Beginning at the line containing "6) Entrevista com", give again every line through the end of the data, unchanged and with both ends included. Drop any pictures.

(Records from a dataset)
____________

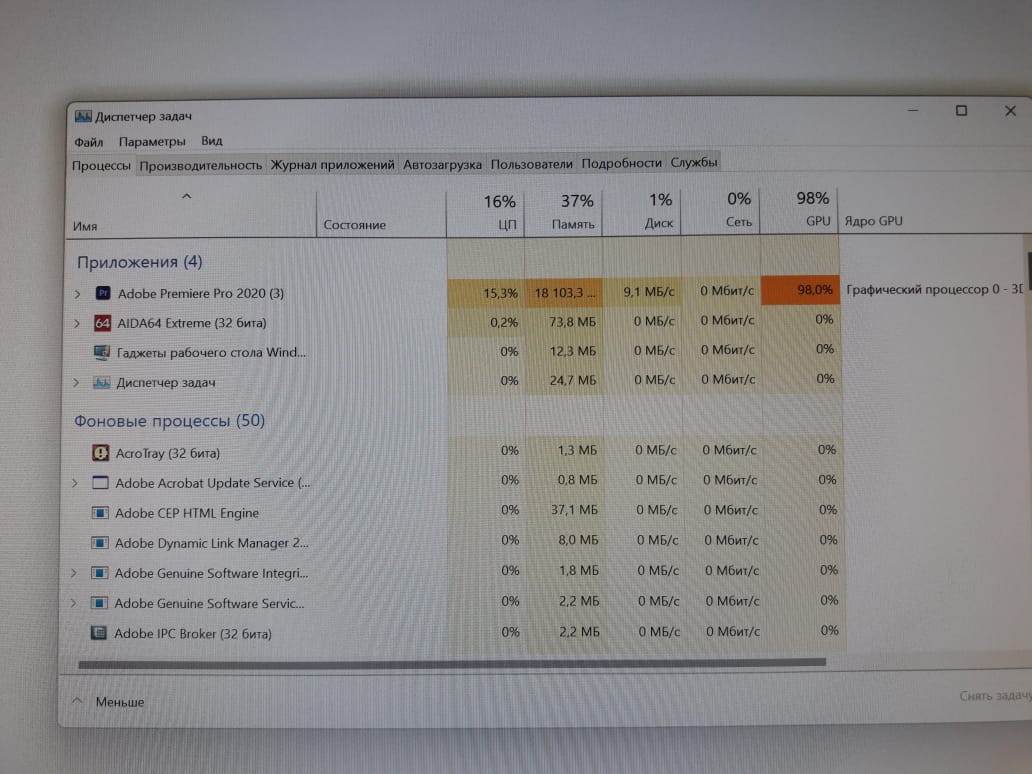Недавно в Премьере монтировал док. фильм в ноуте, с топовом проце от рязани 4800н и с видяхой 1650ти, в одном месте проекта где несколько слоёв и эффект кей (вырезка фона) изображение видео стало тормозить, стробить, на превью, работать стало совсем некомфортно и решил попробовать делать проект премьера на пк 12700к, думаю а вдруг даже без видяхи потянет плавнее превью (предосмотр). Запустил и на моё удивление в ПК всё гладко без тормозов и это без дискретной видяхе, всё на одном проце... потом когда рендерил проект заглянул в диспетчер, а там нагрузка самого проца 15-16% и вся основная нагрузка идёт грааф. чип... Графиченский процессор получается полностью оптимизирован под нужды видеоредактирования.Посмотреть вложение 209944
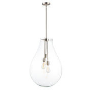 The crystal clear, large-scale glass pendants attest to the craft of hand-blown glass with their impressive scale. These hand crafted glass pendants embody simplicity and minimalism. Accented with Satin Nickel hardware, the style pairs well in a variety of settings.
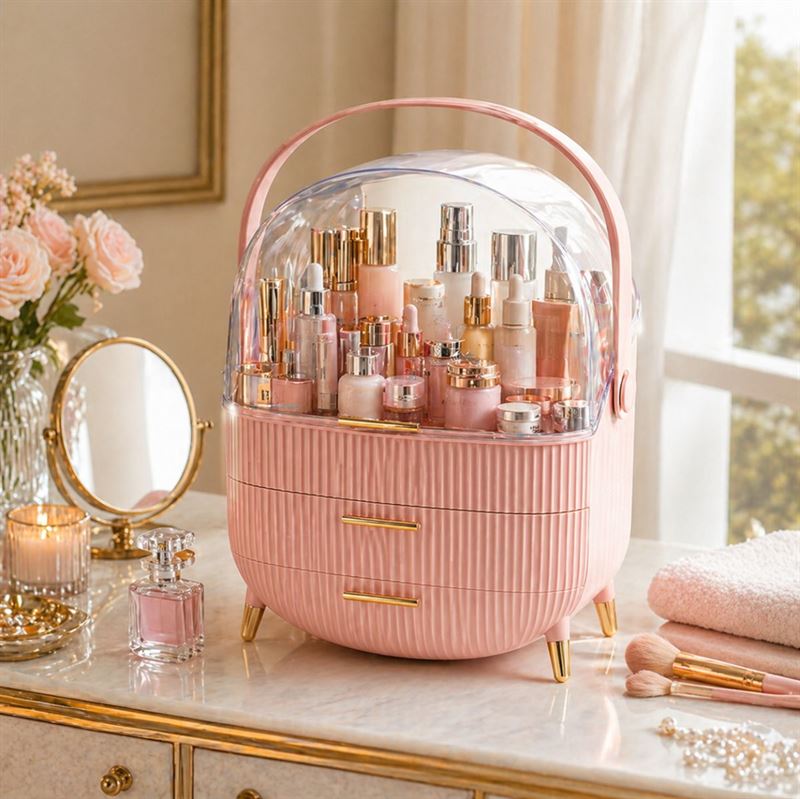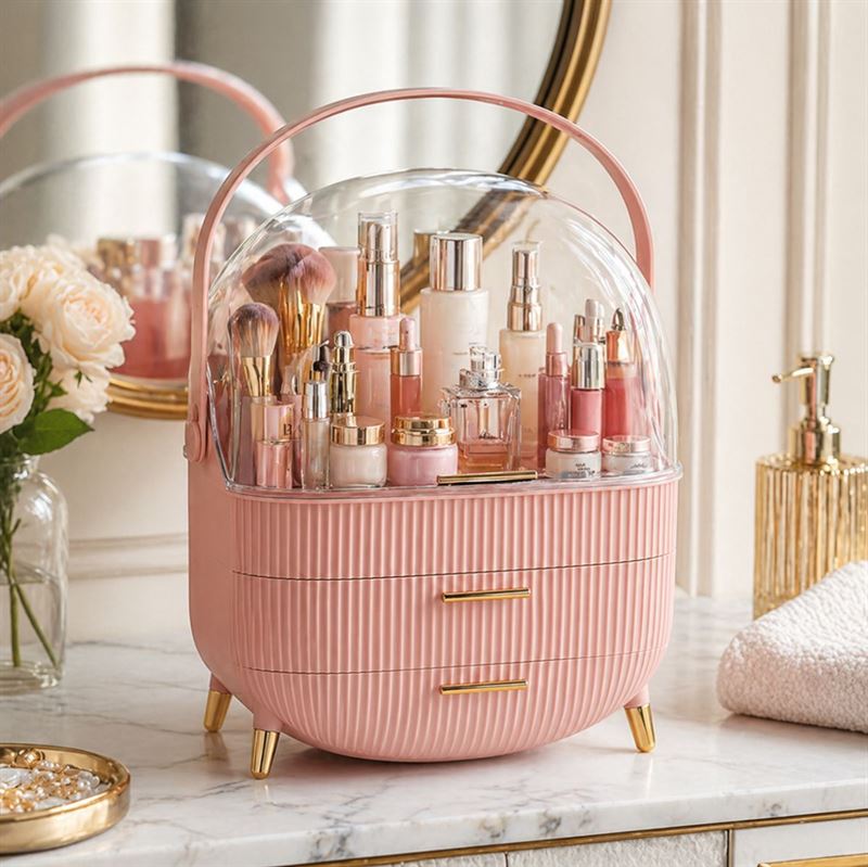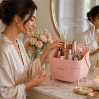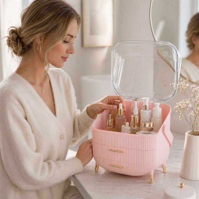Lav plads til elegance og funktionalitet med denne UNIQ Retro Makeup Box Organizer i Rosa. Bestil nu og oplev en verden af organiseret luksus!
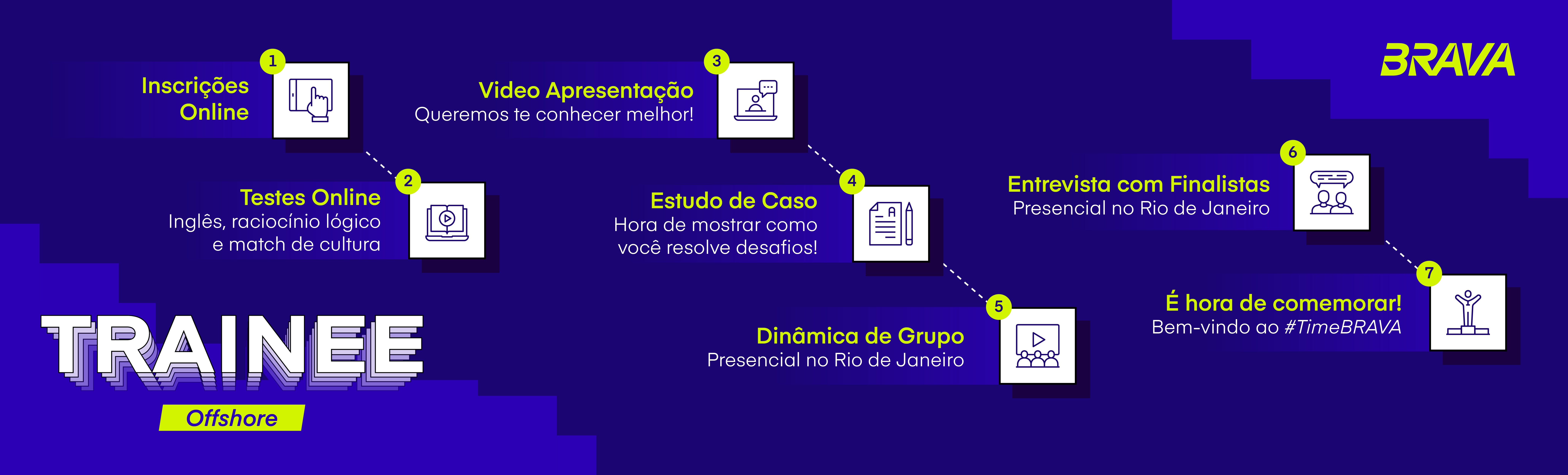 6) Entrevista com finalistas (presencial, no Rio de Janeiro) - Momento de conhecer as lideranças da BRAVA e mostrar por que você é o talento que estamos buscando para o time.
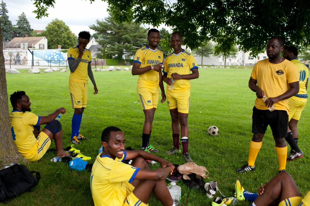 On Sunday, teams from the Rwandan and Angolan communities kicked off first. Rain clouds glowered overhead as the Angolans, organized and tenacious in firetruck red, pushed the ball up the field to score. Rwanda, in bright yellow, came off the field at halftime drenched in sweat and listened to a pep talk from their coach.

____________

### Answer to the problem:
 6) Entrevista com finalistas (presencial, no Rio de Janeiro) - Momento de conhecer as lideranças da BRAVA e mostrar por que você é o talento que estamos buscando para o time.
 On Sunday, teams from the Rwandan and Angolan communities kicked off first. Rain clouds glowered overhead as the Angolans, organized and tenacious in firetruck red, pushed the ball up the field to score. Rwanda, in bright yellow, came off the field at halftime drenched in sweat and listened to a pep talk from their coach.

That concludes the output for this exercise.